[Items listed in a dataset]
☆ ☆ ☆ ☆ ☆ ☆ ☆
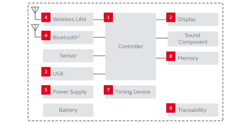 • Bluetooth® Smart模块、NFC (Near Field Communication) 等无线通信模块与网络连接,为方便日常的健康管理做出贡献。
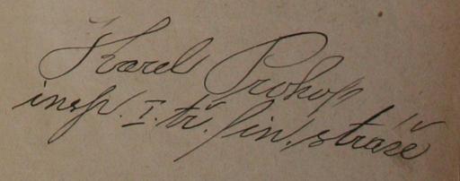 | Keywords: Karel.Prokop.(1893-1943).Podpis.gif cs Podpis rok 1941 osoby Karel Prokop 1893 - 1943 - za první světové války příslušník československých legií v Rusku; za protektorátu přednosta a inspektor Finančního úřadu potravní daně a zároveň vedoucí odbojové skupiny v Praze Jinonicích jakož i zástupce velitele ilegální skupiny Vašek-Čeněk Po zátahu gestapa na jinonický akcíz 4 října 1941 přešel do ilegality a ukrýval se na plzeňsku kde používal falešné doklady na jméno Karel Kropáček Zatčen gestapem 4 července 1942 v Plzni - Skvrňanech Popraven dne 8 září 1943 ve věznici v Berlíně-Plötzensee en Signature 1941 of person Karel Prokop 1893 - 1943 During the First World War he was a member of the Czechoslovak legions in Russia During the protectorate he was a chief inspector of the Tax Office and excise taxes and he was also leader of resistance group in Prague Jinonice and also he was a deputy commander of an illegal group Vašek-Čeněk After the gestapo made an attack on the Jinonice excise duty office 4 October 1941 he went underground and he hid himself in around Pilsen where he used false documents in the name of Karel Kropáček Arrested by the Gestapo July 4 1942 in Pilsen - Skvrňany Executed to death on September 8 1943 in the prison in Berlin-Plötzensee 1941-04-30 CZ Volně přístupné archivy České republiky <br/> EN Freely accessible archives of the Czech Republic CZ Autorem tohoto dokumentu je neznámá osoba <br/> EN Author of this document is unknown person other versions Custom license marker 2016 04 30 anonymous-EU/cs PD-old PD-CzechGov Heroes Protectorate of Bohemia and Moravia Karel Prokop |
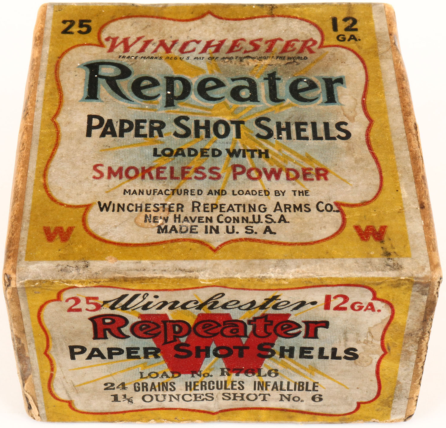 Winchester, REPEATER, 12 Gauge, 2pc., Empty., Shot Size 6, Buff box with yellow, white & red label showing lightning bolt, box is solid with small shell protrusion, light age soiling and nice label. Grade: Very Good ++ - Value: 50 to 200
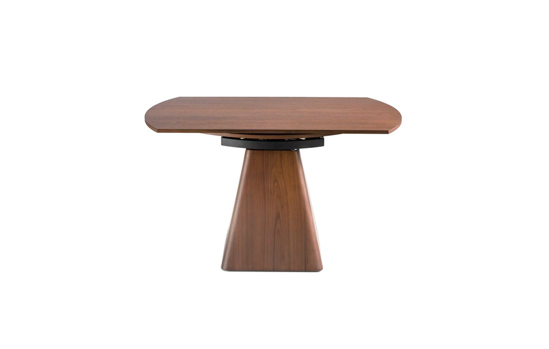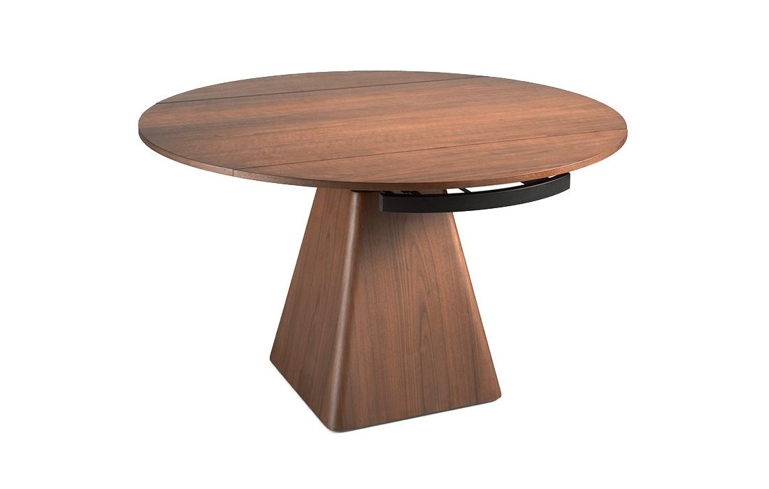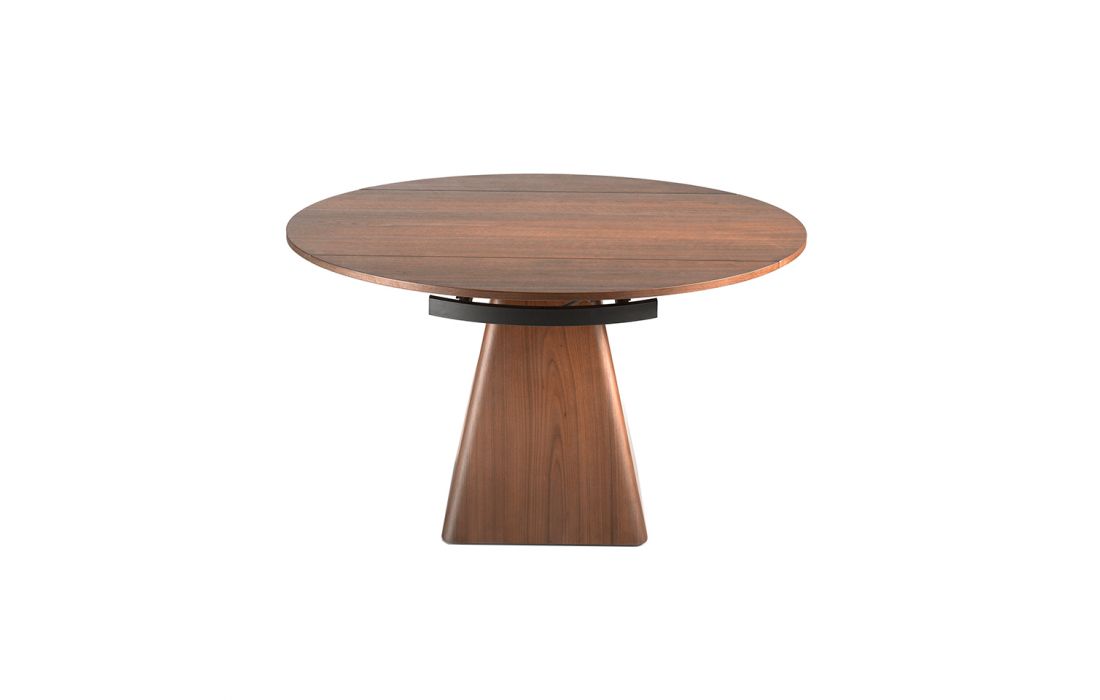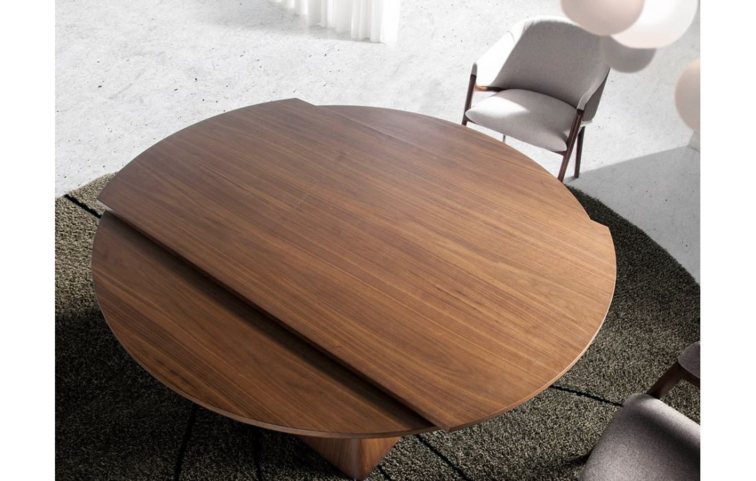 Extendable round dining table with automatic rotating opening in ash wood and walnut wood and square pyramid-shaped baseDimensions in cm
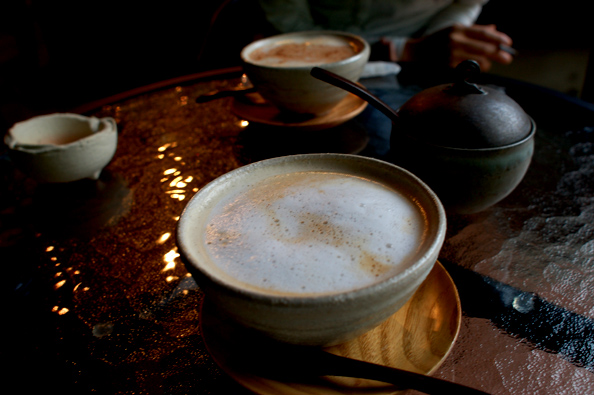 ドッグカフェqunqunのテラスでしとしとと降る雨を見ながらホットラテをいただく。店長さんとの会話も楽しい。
☆ ☆ ☆ ☆ ☆ ☆ ☆
Every entry must be written out exactly, with all pictures left out.

 • Bluetooth® Smart模块、NFC (Near Field Communication) 等无线通信模块与网络连接,为方便日常的健康管理做出贡献。
 | Keywords: Karel.Prokop.(1893-1943).Podpis.gif cs Podpis rok 1941 osoby Karel Prokop 1893 - 1943 - za první světové války příslušník československých legií v Rusku; za protektorátu přednosta a inspektor Finančního úřadu potravní daně a zároveň vedoucí odbojové skupiny v Praze Jinonicích jakož i zástupce velitele ilegální skupiny Vašek-Čeněk Po zátahu gestapa na jinonický akcíz 4 října 1941 přešel do ilegality a ukrýval se na plzeňsku kde používal falešné doklady na jméno Karel Kropáček Zatčen gestapem 4 července 1942 v Plzni - Skvrňanech Popraven dne 8 září 1943 ve věznici v Berlíně-Plötzensee en Signature 1941 of person Karel Prokop 1893 - 1943 During the First World War he was a member of the Czechoslovak legions in Russia During the protectorate he was a chief inspector of the Tax Office and excise taxes and he was also leader of resistance group in Prague Jinonice and also he was a deputy commander of an illegal group Vašek-Čeněk After the gestapo made an attack on the Jinonice excise duty office 4 October 1941 he went underground and he hid himself in around Pilsen where he used false documents in the name of Karel Kropáček Arrested by the Gestapo July 4 1942 in Pilsen - Skvrňany Executed to death on September 8 1943 in the prison in Berlin-Plötzensee 1941-04-30 CZ Volně přístupné archivy České republiky <br/> EN Freely accessible archives of the Czech Republic CZ Autorem tohoto dokumentu je neznámá osoba <br/> EN Author of this document is unknown person other versions Custom license marker 2016 04 30 anonymous-EU/cs PD-old PD-CzechGov Heroes Protectorate of Bohemia and Moravia Karel Prokop |
 Winchester, REPEATER, 12 Gauge, 2pc., Empty., Shot Size 6, Buff box with yellow, white & red label showing lightning bolt, box is solid with small shell protrusion, light age soiling and nice label. Grade: Very Good ++ - Value: 50 to 200
 Extendable round dining table with automatic rotating opening in ash wood and walnut wood and square pyramid-shaped baseDimensions in cm
 ドッグカフェqunqunのテラスでしとしとと降る雨を見ながらホットラテをいただく。店長さんとの会話も楽しい。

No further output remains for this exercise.